Friday, May 13, 2016

"Our reader" won't understand something as complicated as that!

The other day I received a gift from Luís Melgar, one of our infographics/data visualization Masters students at the University of Miami (here's our other program). Luís has just graduated, and you should expect a post about his final project soon, as it's an amazing data-driven story. He gave me a printout of this 1870 treemap.

I came back home in the evening and my 10 year old boy got curious about the treemap. He tried to decipher it on his own for a minute, and he couldn't. Then I explained to him that the segments of each square are proportional to percentages, and pointed out a couple of states to illustrate this principle. This took me around thirty seconds.

After that, we spent nearly half an hour together finding the most interesting cases, the outliers, and figuring out which states didn't exist at the time.

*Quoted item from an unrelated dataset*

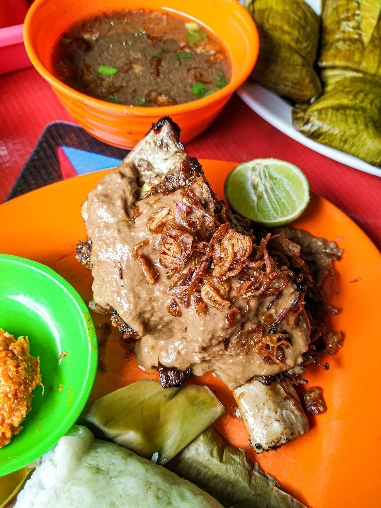 Konro Bakar dengan saus kacang.| Foto oleh Feastin’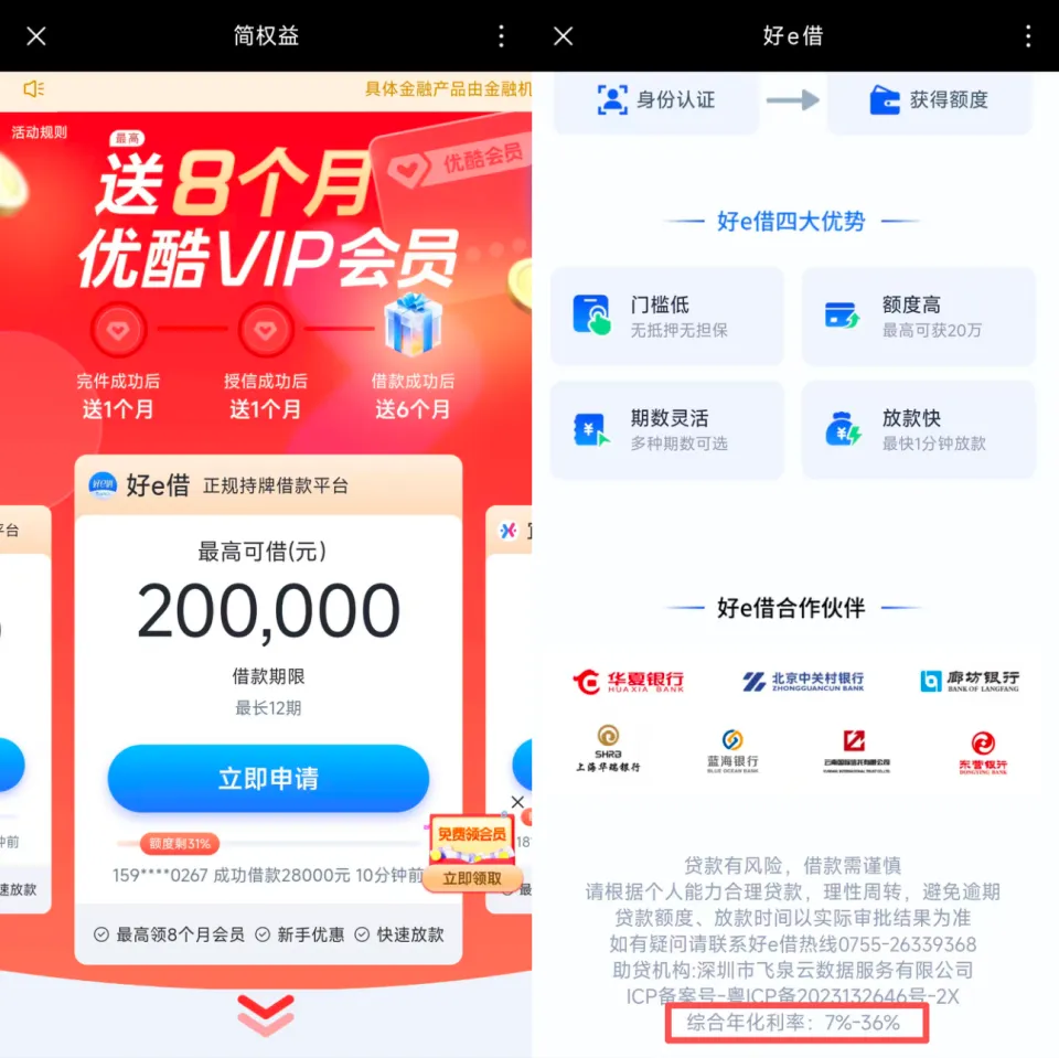 优酷视频APP-我的-借钱(简权益)正在做活动,最高送8个月优酷VIP会员(完件成功后送1个月,授信成功后送1个月,借款成功后送6个月)。优酷借钱合作引流的“好e借”页面显示,综合年化利率7%-36%,合作伙伴包括:华夏银行、中关村银行、廊坊银行、华瑞银行、蓝海银行、云南信托、东莞银行。

My kid said: “Numbers are boring, and designing graphics like this must be boring too, but reading it is a lot of fun.” I disagree with him on the first two statements, but agree on the third.

Now, my point: How many times have we all faced the common complaint “our reader won't understand something as complicated as that”? This is a fallacy I spent quite a lot of pages debunking in The Truthful Art*, and the conversation with my kid should be a good argument for the future: If you believe that a substantial portion of your readers (your “average reader” is a mythical creature) won't understand an unusual graphic form, don't dismiss it outright. That's a self-defeating strategy. It'll lead you to stick just to bar charts, time-series charts, and univariate data maps, when other kinds of graphics may be more illuminating —histograms, strip plots, or slope charts, anyone?

Visualization has a grammar and a vocabulary, which can be taught and learned. Scatter plots were unusual in the media just a decade ago, but today it seems that an increasing amount of non-specialists understand them. Why? Perhaps thanks to some pioneers in the news, who decided to start using them years ago, adding captions explaining how to read them. These designers and journalists assumed that most readers may indeed not be able to read those charts at first, but that they are not stupid, and can learn. That's the key: Respect people's intelligence.

Finally, remind your boss that even the all-too-common time-series line chart was “unusual” and “difficult to understand” in the past, but that didn't stop the journalists this post by Scott Klein talks about. They just added a long caption to the graphic. That's the equivalent of my thirty seconds of explanation.

(*There's another more damaging fallacy that I also addressed in the book: “A reader should be able to understand a graphic in five seconds.” Well, no. It depends. Some graphics need some effort, the same way that it takes time to extract meaningful information from a written story, beyond its headline.)